= Recorded data =

——

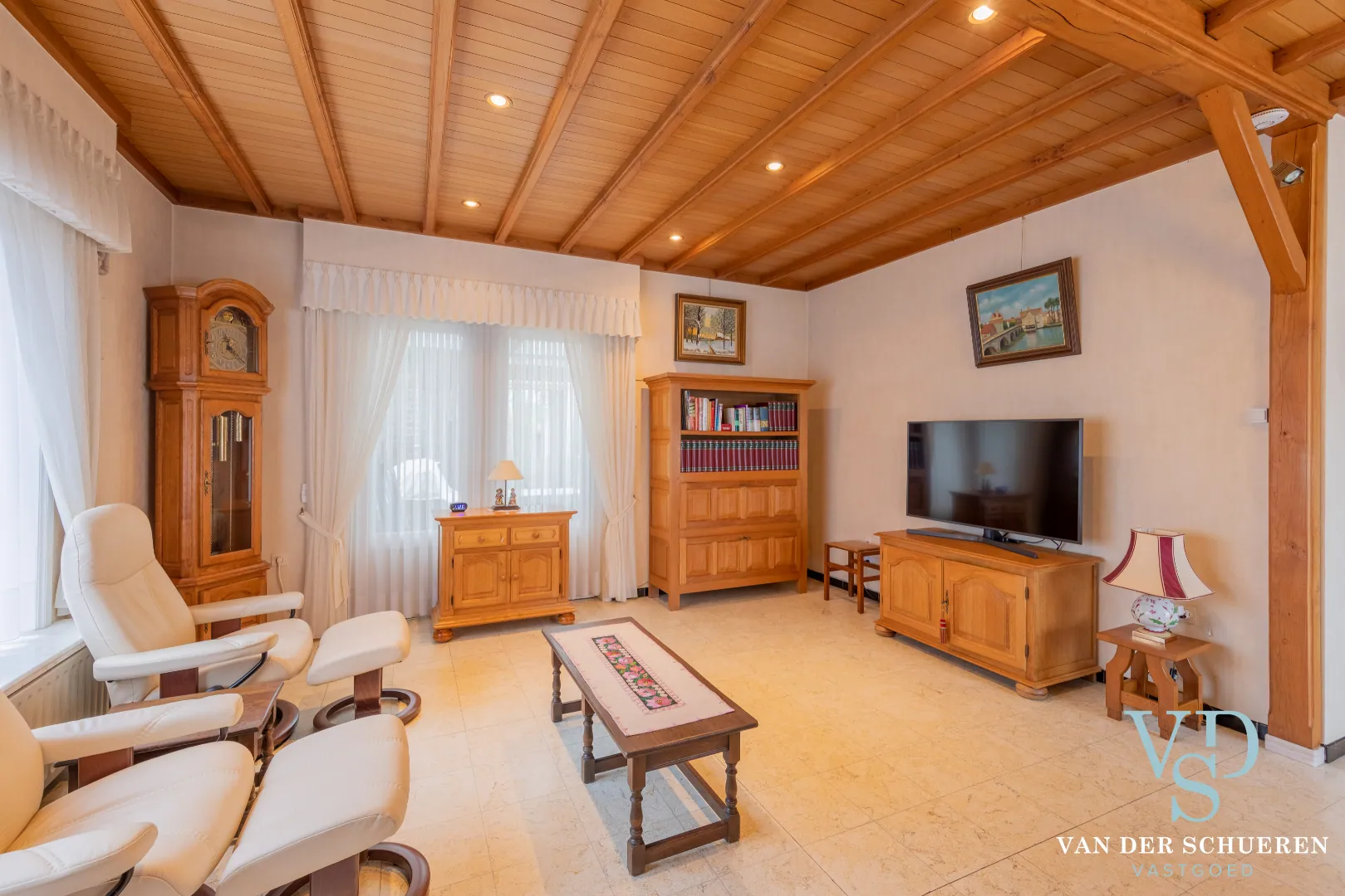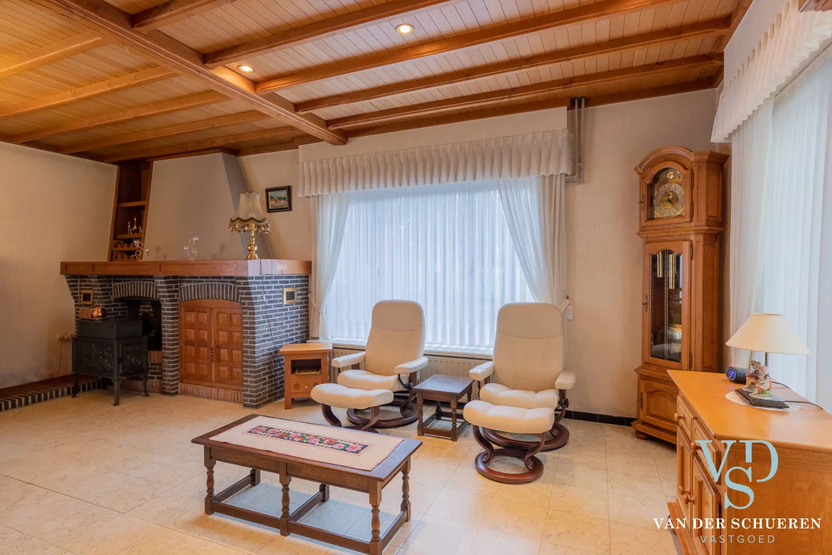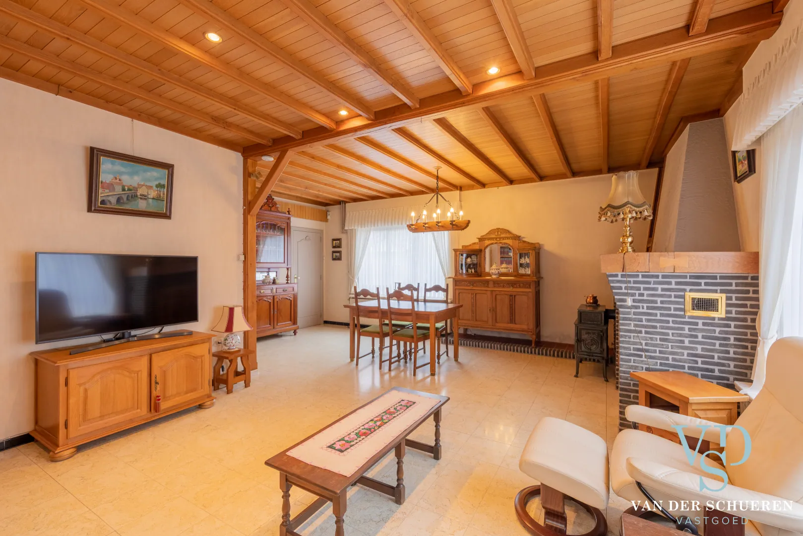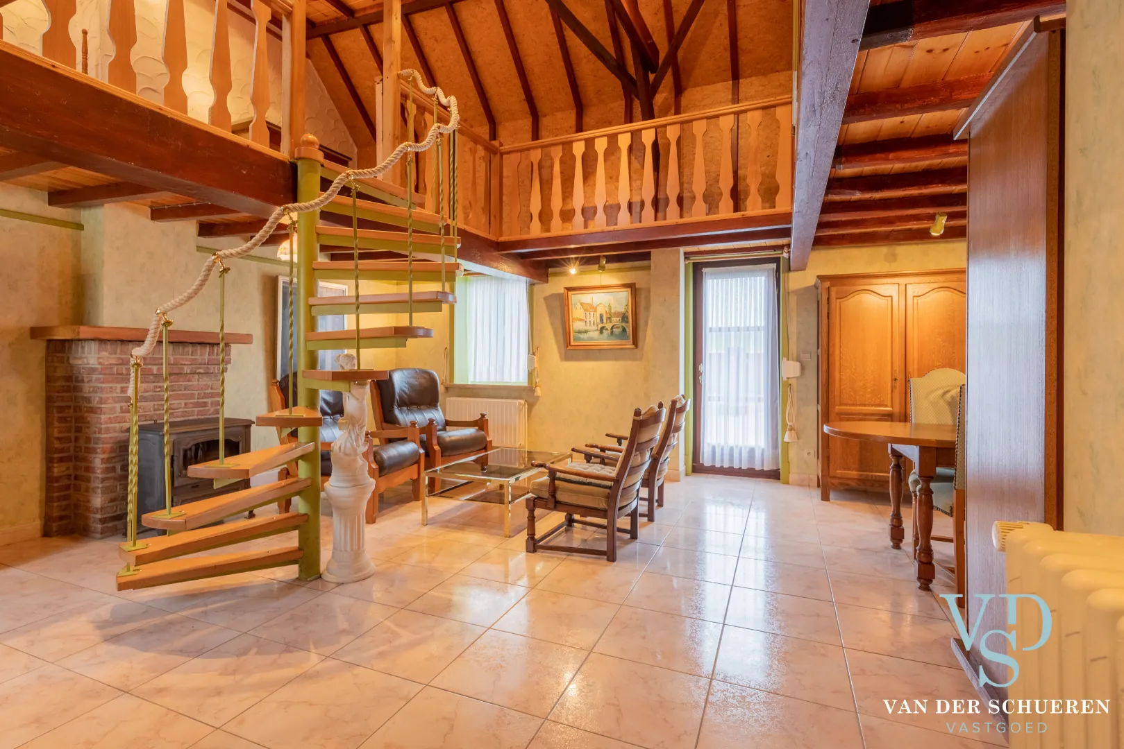 - de aangename leefruimte met open haard, centraal in de woning gesitueerde keuken met aansluitende badkamer, toilet, slaapkamer, multifunctionele ruimte (gelijkvloers niveau);
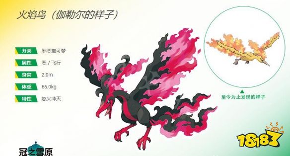 宝可梦剑盾火焰鸟厉害吗?这是将在冠之雪原中登场的传说宝可梦,有些玩家对它的特性不是很了解,这里给大家带来了宝可梦剑盾火焰鸟招式特性介绍,一起来看下吧。
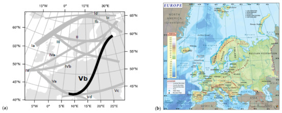 Map of cyclone tracks over Europe. (a) The divergence of track a “Vb” cyclone over the Ligurian Sea and northern Adriatic Sea [48]. (b) Map of Europe with countries and relief [51].
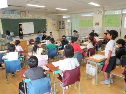 今日の議題は「みんな笑顔で長なわじょうたつ大作戦」でした。子どもたちは、事前にたくさんの作戦を考えてきたようで、活発な話し合いが行われました。話し合いの結果、「休み時間に週1回みんなで練習する」ことになりました。堀越先生が模造紙にみんなの意見を書いて貼ってありますので、自分たちの話し合いを思い出すことができます。
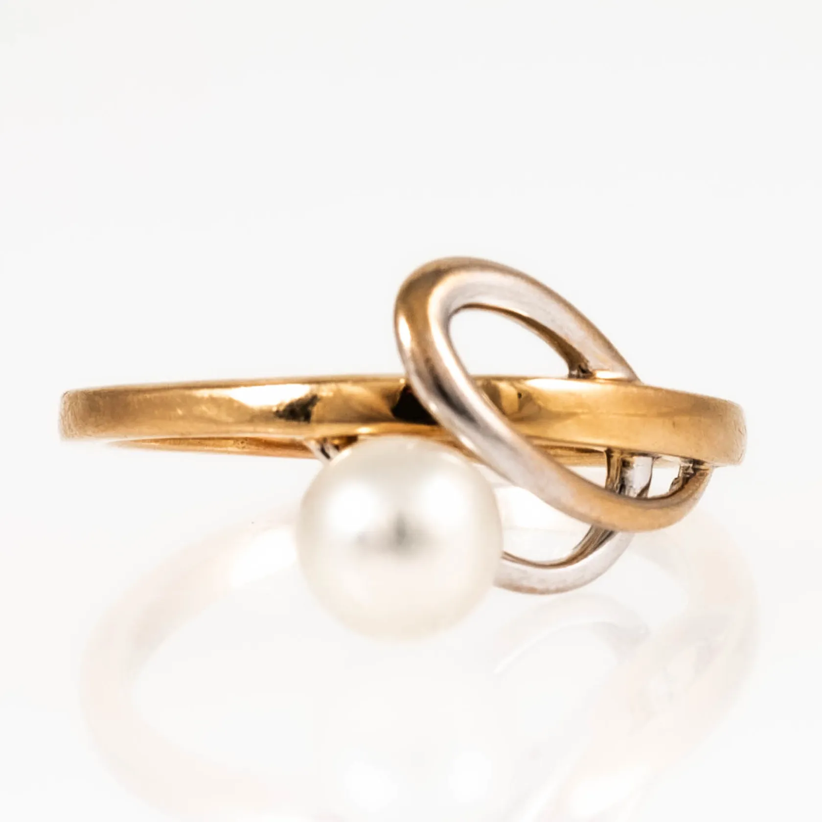 Ring i 18K guld med en odlad vit pärla Ø 6,5 mm och vitguldsslinga. Den är i storlek 18½, är 2 - 12 mm bred och väger 4,8g. Stämplad 750 & en logotyp "två spegelvända G:n i hjärtform". Vikt: 4,8 g.
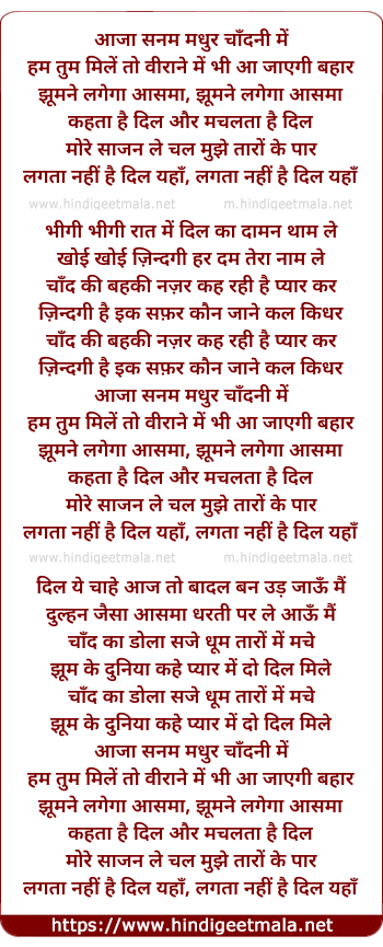 aaja sanam madhur chandni me ham tum mile to virane me bhe aa jaye gi bahaar,jhoomne lage ga aasman,kehta he dil aor machalta he dil mre sajan le chal mujhe taron ke paar,lagta nahi he dil yahaan,bheegi bheegi rat me ka daman thaam le,khoi khoi zindagi har dam tera nam le,chand ki behki nazar,keh rahi he piar kar,zindagi he ik safar,kon jane kal kidhr,dil ye chahe aaj to badal ban urr jaoon me,dulhan jesa aasman dharti pr le aaon me.chand ka dola sajey,dhoom taron me mache,jhoom k dunia kahe,

——

= Exercise instructions =
Reproduce the data above exactly, but only from the line containing "今日の議題は「みんな笑顔で長" through the line containing "Ring i 18K guld". Omit all pictures.

= Solution to the problem =
 今日の議題は「みんな笑顔で長なわじょうたつ大作戦」でした。子どもたちは、事前にたくさんの作戦を考えてきたようで、活発な話し合いが行われました。話し合いの結果、「休み時間に週1回みんなで練習する」ことになりました。堀越先生が模造紙にみんなの意見を書いて貼ってありますので、自分たちの話し合いを思い出すことができます。
 Ring i 18K guld med en odlad vit pärla Ø 6,5 mm och vitguldsslinga. Den är i storlek 18½, är 2 - 12 mm bred och väger 4,8g. Stämplad 750 & en logotyp "två spegelvända G:n i hjärtform". Vikt: 4,8 g.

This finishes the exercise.